The tension quickly escalates as Sandra obeys
the man’s direction without much discretion of her own. Halfway through
Compliance, as the officer’s demands veer to the queasy side, we get a face to
match the voice on the phone. It turns out that the man is not a police officer
but an everyman (Pat Healy) in a nice home who is using a calling card as a
means for a humiliating crank call.
As the scenes move between his comfy
home and the stuffy confines of Sandra’s office, there is a disorienting (yet
effective) juxtaposition between the caller’s joking smile and the victim’s
uncomfortable submission.
The situation in the film — believe it or not – is closely based on a crank call to a Kentucky McDonald’s
location in 2004. In fact, that horror story was actually more sordid and sexually degrading than the
acts depicted toward the end of Compliance, which are implied or blurred out.

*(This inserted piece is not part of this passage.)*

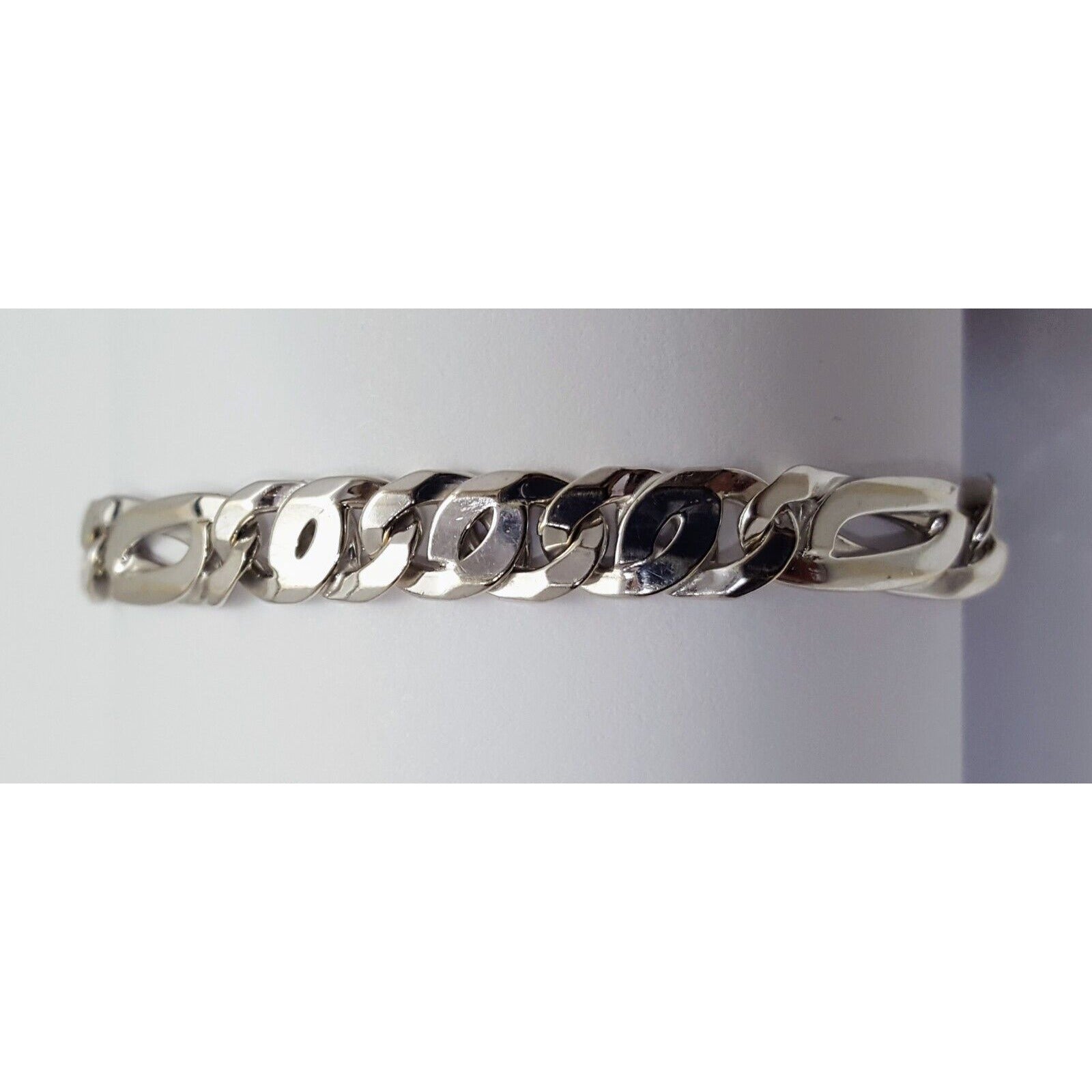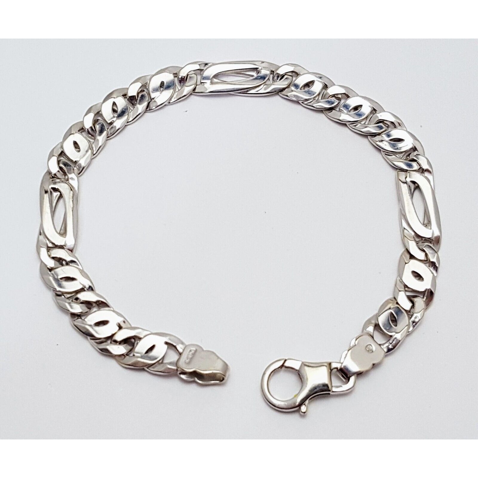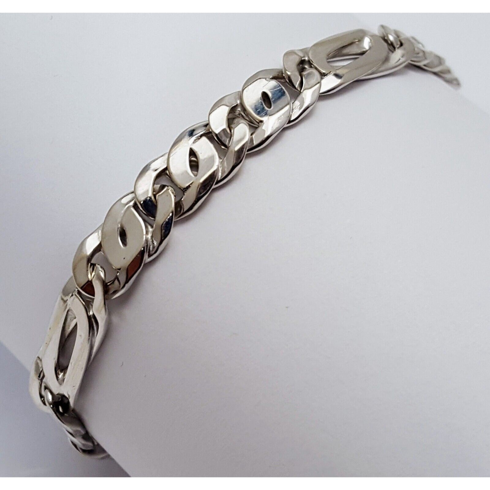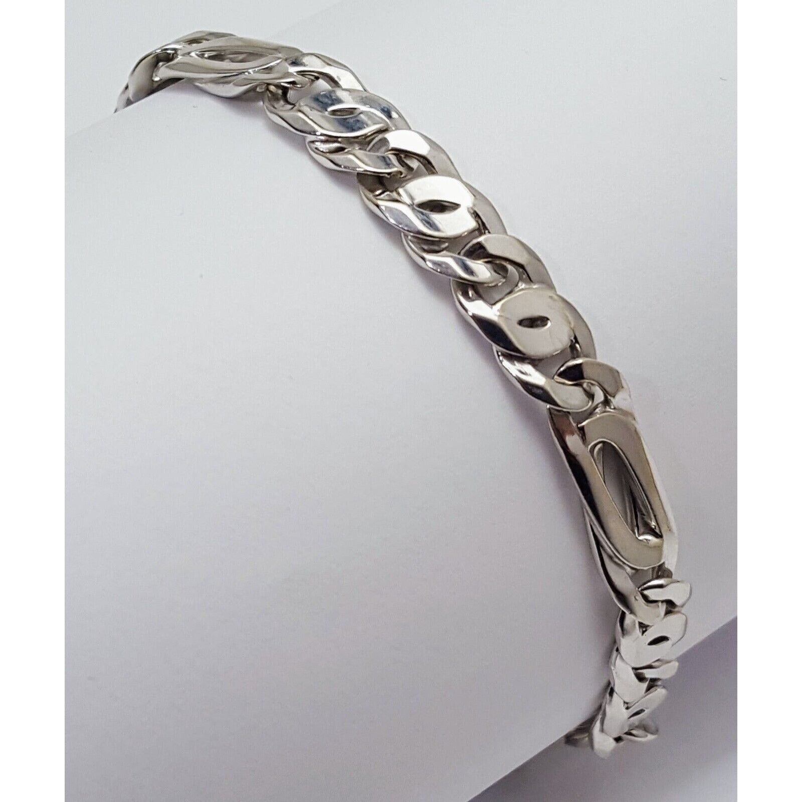 10K Solid White Gold Fancy Figaro Link Bracelet

(The truth, it turns out, is not stranger than the fiction, but is just as
sickening.)
Compliance is a pressure-cooker full of
arresting performances, most notably from Dowd and Walker. In the first half,
before showing the man behind the curtain, Zobel contends with lingering
reaction shots on his two antagonizing females. Dowd’s nuanced but troubled shifts between sternness and sympathy is as assured as Walker’s slow
interior descent into submission.
Zobel has mined terrific gold from his leading actresses,
although he is a tad clunky as a storyteller. To segue from scene to scene, he
awkwardly puts in exterior shots of the restaurant parking lot and close-ups of
frying chicken fillets, One nighttime scene shot in broad daylight also sticks
out like a burnt McNugget.
Regardless, he keeps the tension impalpable and
the proceedings unpredictable. Compliance stirred up much discussion at its
Sundance debut earlier this year, and rightly so: it’s a film worth talking about, a
sharp, slim and sociologically fascinating dissection of power and control.